Ames Laboratory,
Department of Energy, ISU,
Ames, Iowa 
Ames Laboratory,
Department of Energy, ISU,
Ames, Iowa Question: What computer is specially designed for solving large sets of linear equations, has 15-decimal precision, performs linear algebra operations with parallel multiply-adders, is targeted at solving problems in structural analysis and quantum theory, and was built in 1940?
With the exception of the last qualifier, the computer described above could be the FPS-164/MAX scientific computer. In fact, the description is that of the very first electronic digital computer, built by Professor John Atanasoff at Iowa State University during the late 1930s. The two machines were conceived almost exactly 50 years apart (1933 and 1982), and the FPS-164/MAX is roughly 90 million times faster than the A-B Computer; however, the parallels between them are remarkable.
History often repeats itself in social and economic affairs, but one tends to think of technology as progressive rather than repetitive. There are actually some very good reasons why the fastest machines now being built echo the concepts used in the earliest computers. The inventors of the 1930s and 1940s faced performance barriers caused by the limits of available technology, whereas today's designers face performance barriers caused by the laws of physics. Many old techniques are now being reinvented to circumvent those limits, with Atanasoff's machine providing an excellent case in point.
The prototype of the A-B Computer is described in Atanasoff's paper [1]. The A-B computer was conceived around 1933 and prototyped in late 1940 for a total cost of $1,460. It made several astonishing breakthroughs, and is now credited with being the first computer that was both digital (not analog) and electronic (not mechanical). It certainly marks the beginning of modern scientific computing, which today includes a range of products, from desktop machines scarcely more powerful than Atanasoff's to special-purpose supercomputers such as the FPS-164/MAX.

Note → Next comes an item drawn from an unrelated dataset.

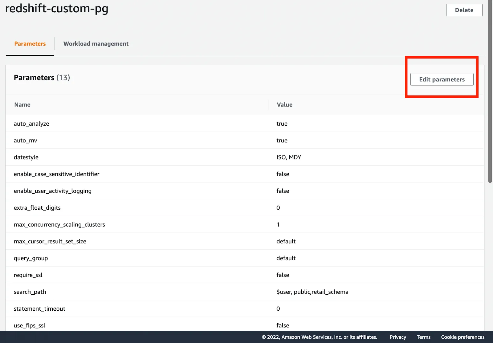 To configure auto-scaling, go to the Properties tab on your Redshift cluster. You then select your parameter group.

The following quotation from Atanasoff's paper could have been taken from FPS literature:
This list could be expanded very considerably, for linear algebraic systems are found in all applications of mathemtics which possess a linear aspect. [2]

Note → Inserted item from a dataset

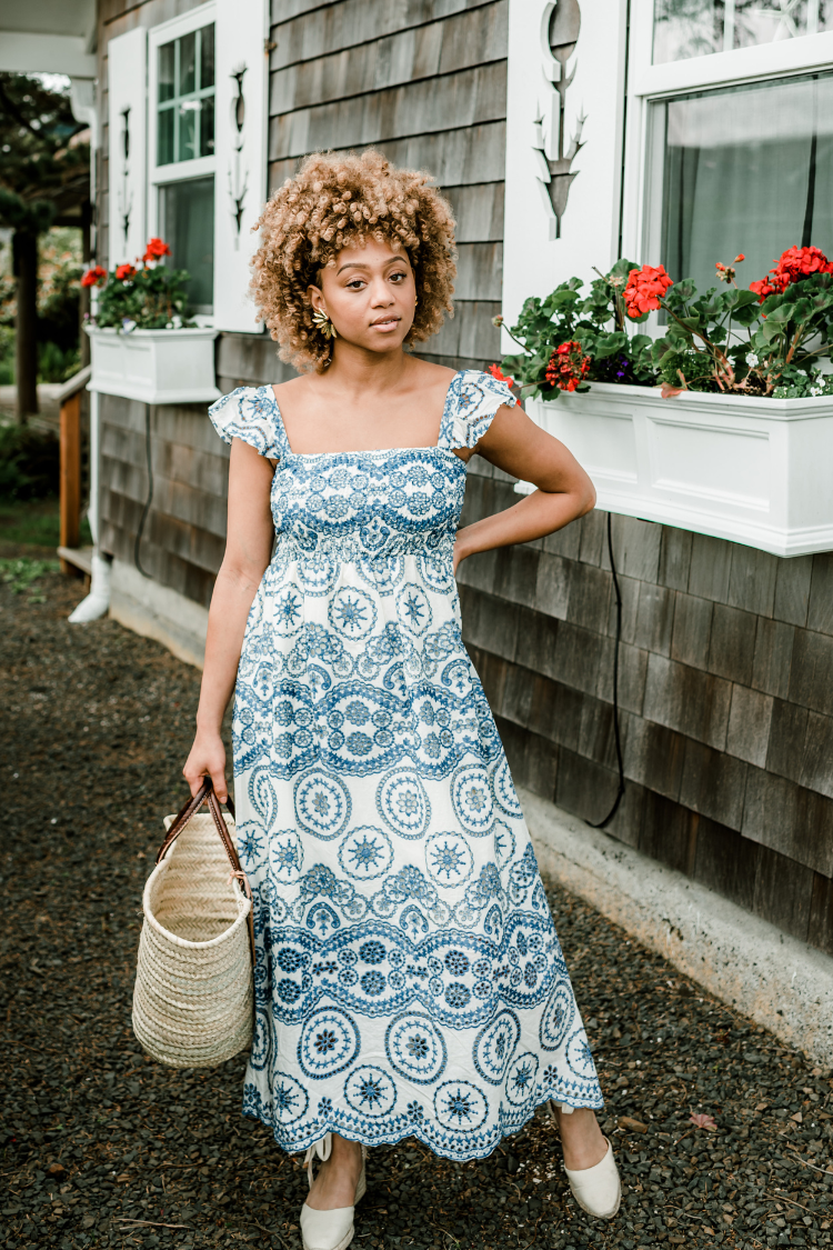 This is the dress we're wearing all summer long - meet Marisol! Cut from a beautiful blue and white eyelet fabric, this multi-tasking midi features a smocked bodice, frilled shoulders and a classic a-line skirt. Its small back cutout gives it a modern twist. We're pairing with wedges and our Lily Floral earrings for our next night out.

Today the major uses of large-scale scientific computers include electronic circuit analysis, structural analysis, and quantum chemistry and physics. As the size of problems increases, the portion of a run which involves matrix algebra becomes disproportionately larger, so there is still the need for special matrix algebra accelerators like those used in the FPS-164/MAX.

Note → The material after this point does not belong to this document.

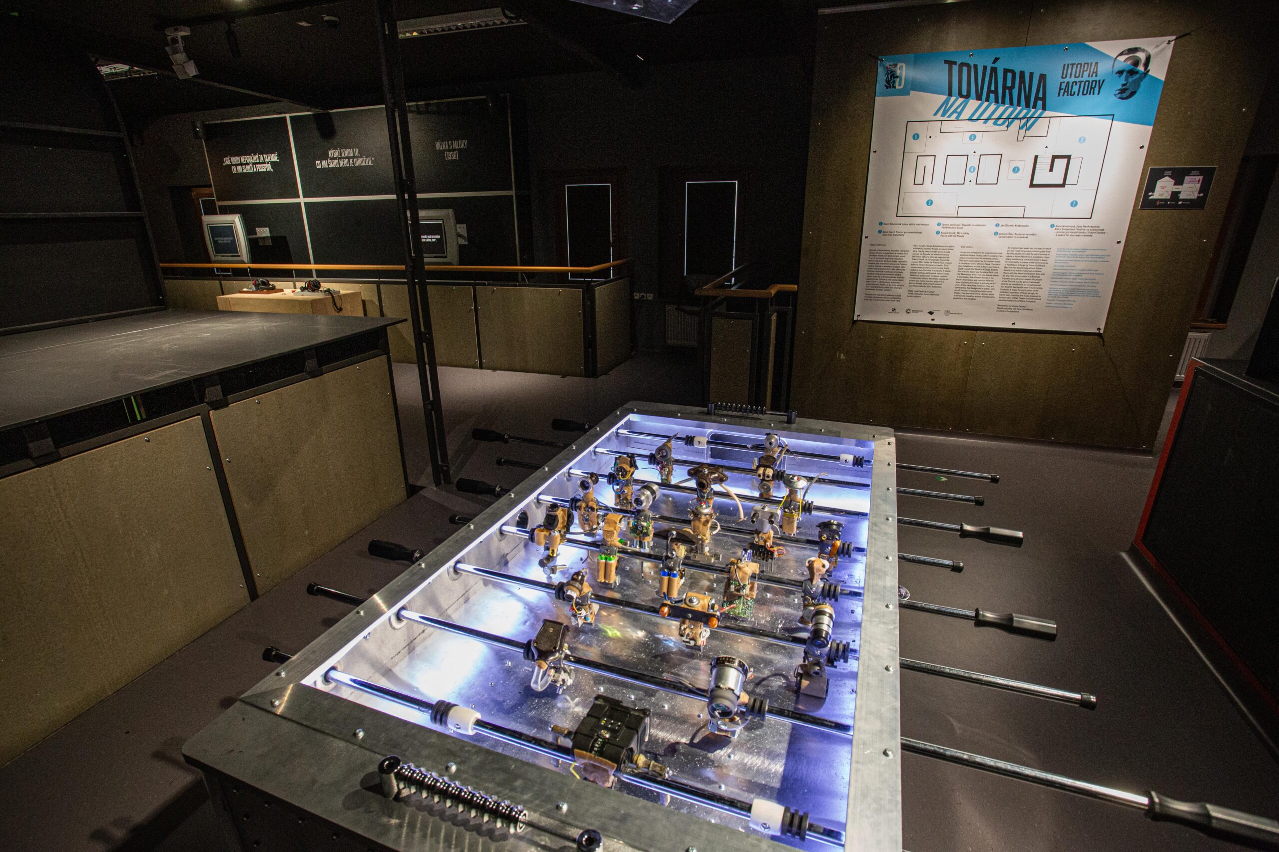 Die interaktive Ausstellung besteht aus fünf originellen Installationen verschiedener Künstler. Sie wurden von den utopischen Motiven in den literarischen Werken von Karel Čapek inspiriert. Die einzelnen Installationen sind die Reaktionen der Autoren auf Čapeks Romane Die absolute Fabrik, Krakatit, Krieg mit den Molchen und die Dramen R.U.R. und Die Makropulos-Affäre.

Atanasoff recognized that linear algebra required high speed and high precision. The high speed requirement led to the use of electronic storage and switching throughout, since the mechanical gearing methods of the existing calculators were hundreds of times slower than even 1930s electronics. The high precision required ruled out the use of analog methods, which are limited to two or three decimal digits of accuracy. Atanasoff determined that a binary machine would have advantages of speed, efficiency, and simplicity over a decimal machine attempting to imitate grade-school arithmetic. He was the first to recognize the value of "on-off" representations of numbers, which he called "abacus elements." There have been a few attempts at non-binary electronic digital computers, but virtually all the machines made in the last two decades have operated in binary mode at the lowest hardware level. Decimal/binary converters were added to the A-B Computer to facilitate initial input and final output of data: an early "formatted I/O" processor.
Atanasoff decided that 50-bit representations of numbers, plus a sign bit, would be sufficient, providing roughly fifteen decimals of accuracy. Half a century later, both FPS and the IEEE committee choose a floating-point arithmetic standard which uses a 52-bit representation, plus a sign bit and an 11-bit binary exponent. (The VLSI parts used in the FPS-164/MAX use "one's complement" arithmetic very similar to that used in the A-B Computer.) Some scientific computers use 48-bit representations of the significant part of the number. In a very real sense, the A-B Computer was a "double-precision" machine similar to FPS scientific computers.
The A-B Computer used dynamic storage for its main memory, requiring periodic "refresh" to remind if of its binary state, as do today's dynamic RAM chips. Atanasoff considered using relays, magnetic core memory, vacuum tubes, and charged capacitors to store each bit of memory; he finally decided on the latter, on the basis of the cost/performance. His design called for 3200 bits of storage, so cost-per-bit was by far the deciding factor.
The FPS-164/MAX has a memory capacity of fifteen megawords, where each word has 64 bits plus an eight-bit error-correcting code, for a total of 1,132,462,080 bits of main memory. To this day, dynamic storage is the most cost-effective memory available, using capacitors printed on silicon at a density of 262,144 capacitors per chip (the 256K DRAM).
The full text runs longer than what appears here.